Время ускоряется и вновь замедляется. Мое собственное дыхание отдается у меня в ушах. Я чувствую, как прижимаю к груди Ульфа и в то же время будто поднимаюсь над собственным телом и откуда-то сверху вижу последствия резни. Папа и Уоррен. Мистер Бингам. Индеец со стрелой в животе тоже мертв. Разноцветные перья трепещут под мирным синим небом. Это и впрямь стрела Уилла. Теперь я в этом уверена, но я нигде не вижу ни его самого, ни Уэбба.
Мертвого индейца закидывают на спину лошади. Мрачные лица его спутников искажены гневом. Они ничего не берут из повозок: ни муку, ни сахар, ни бекон. Не берут и волов, которые остаются мирными даже посреди резни. Но остальных животных индейцы уводят с собой. И меня. Меня и малыша Ульфа. Повозки они сжигают.

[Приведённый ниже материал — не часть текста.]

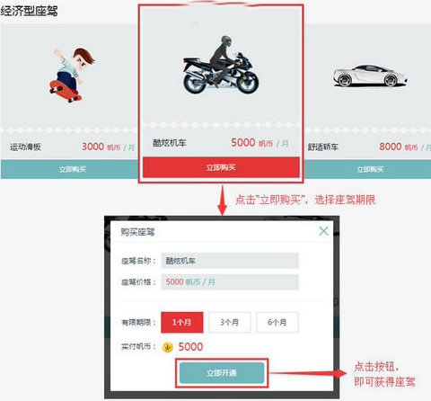 (3)点击座驾栏,可以购买创始会员与座驾

Усилием воли я пытаюсь подняться ввысь, к небу, где меня ждут мама, папа и Уоррен. Некоторое время я провожу в блаженном забытьи, в полупрозрачном бреду. Но я не умерла. Я иду вперед, по-прежнему держа Ульфа на руках. Что-то дергает и тянет меня вниз, сокращая расстояние между моим парящим сознанием и шагающим телом. Натяжение усиливается, и я понимаю, что у меня на шее веревка. Веревка натягивается, когда я спотыкаюсь, и снова ослабевает, стоит мне выпрямиться. На негнущихся ногах я бреду следом за пегим пони. Пятна на его крупе напоминают кровь, которая пропитала парусиновые стены повозки Бингамов. Как же много было крови! И криков. Крики, вопли… А потом тишина.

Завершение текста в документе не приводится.